# snows over water!!?



## bcrawford12 (Jan 27, 2009)

Does anyonehave any pictures of a water spread? We have done the full body thing and dont think that it is worth it. So my next adventure is hunt them over water. Also do you think it in better to hunt only floaters? Or is it just as effective to hunt them with field decoys at the edge of the water?

Let me know what you think

PICTURES WOULD BE GREAT


----------



## iowa2020 (Feb 25, 2005)

you could actually drive around in this field "no till". decent shoot.


----------



## brobones (Mar 10, 2004)

Nice setup :beer:


----------



## bluebird (Feb 28, 2008)

I like that set up nice!!!!! :sniper: :sniper:


----------



## Call-em (Jan 10, 2009)

IMHP I think that corn is a bit high. BUT. I'b been wrong. they cant even see the dekes unless over you.


----------



## bluebill25 (Mar 29, 2006)

very nice setup the higher the corn the better for hiding the blinds snow work vertical and with the ecaller going it dont take long for them to see u


----------



## kberggren (Mar 27, 2006)

Here are a couple pics from a couple of years ago.


----------



## Save Hens (Mar 15, 2008)

Nice set ups guys


----------



## Commando (Jan 13, 2006)

I've always thought that the more white you can put out the better your odds of calling in ******. I would put everything you can on the water and whatever else you've got on the bank.


----------



## Leo Porcello (Jul 10, 2003)

Great pictures! I love looking at different spread setups! Keep them coming!!


----------



## Jeff Zierden (Jan 27, 2006)

Heres a couple from a couple years ago. Had about 450 FB's and 4 dozen floaters out. Don't have any pics of the floaters for some reason.

Right Side









Left Side


----------



## EW6 (Oct 22, 2007)

Is that a reflection of a V of geese in the first picture of Jeff Zierden's, pretty cool.


----------



## Jeff Zierden (Jan 27, 2006)

Ha ha yep. I never noticed that before!


----------



## bluebill25 (Mar 29, 2006)

very nice setup dude. how did u do that day?


----------



## SDwaterfowler (Mar 2, 2006)

Nice setups guys. I just love how the FB's look in sheetwater.


----------



## Jeff Zierden (Jan 27, 2006)

bluebill25 said:


> very nice setup dude. how did u do that day?
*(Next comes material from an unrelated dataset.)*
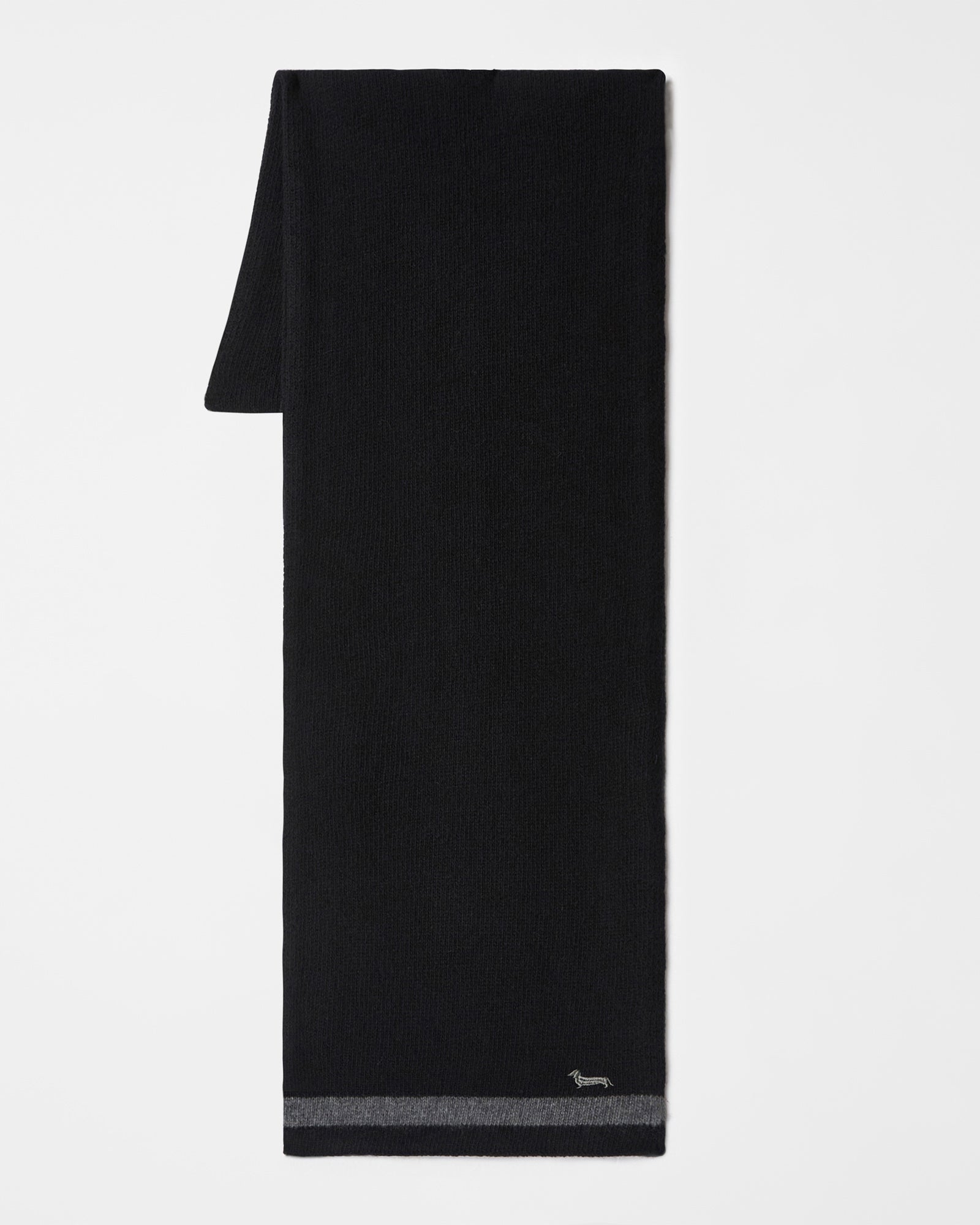 Realizzata in caldo misto lana e cashmere, questa sciarpa da uomo firmata Harmont & Blaine è pronta conferire un tocco di personalità ai vostri outfit invernali. L'accessorio, dall'aspetto sobrio ed essenziale, è ravvivato all'estremità da un righino a contrasto accompagnato dall'immancabile bassotto Blaine ricamato anch'esso a contrasto.

Not that great. It was wierd because we found the spot durig the middle of the day. There was a couple hundred birds using it and for whatever reason they got up and traded to another small pothole a mile down the road so we jumped in there and setp up. Just after finishing up someone jumped the group out of the other pothole and with no hesitation they piled right into the dekes and we cleaned house. We thought it was game on after that but we only managed 2 other geese off of that set. :huh:

I thought it looked good. :lol:


----------



## bluebill25 (Mar 29, 2006)

ne more question jeff. spring or fall?


----------



## bcrawford12 (Jan 27, 2009)

Full Bodies look good. I just dont think they are worth the hassle. Just my thought. Like the pics of them though. Does anyone have pics of floaters?

Thanks


----------



## Jeff Zierden (Jan 27, 2006)

bluebill25 said:


> ne more question jeff. spring or fall?


Spring in Nodak!

We have since jumped off the FB band wagon and run all sillosocks now. They looked good but were not worth the hassle IMO.


----------



## hunt4P&amp;Y (Sep 23, 2004)

Jeff Zierden said:


> bluebill25 said:
> 
> 
> > ne more question jeff. spring or fall?
> ...


I have always wanted to go down there and hunt! I hear it is way better then up here! :beer:


----------



## Jeff Zierden (Jan 27, 2006)

hunt4P&Y said:


> Jeff Zierden said:
> 
> 
> > bluebill25 said:
> ...


Ha ha yep. It was the first and last trip we ever took to ND in the spring :beer:


----------



## snowsforlife (Mar 27, 2005)

This ones old but looks cool


----------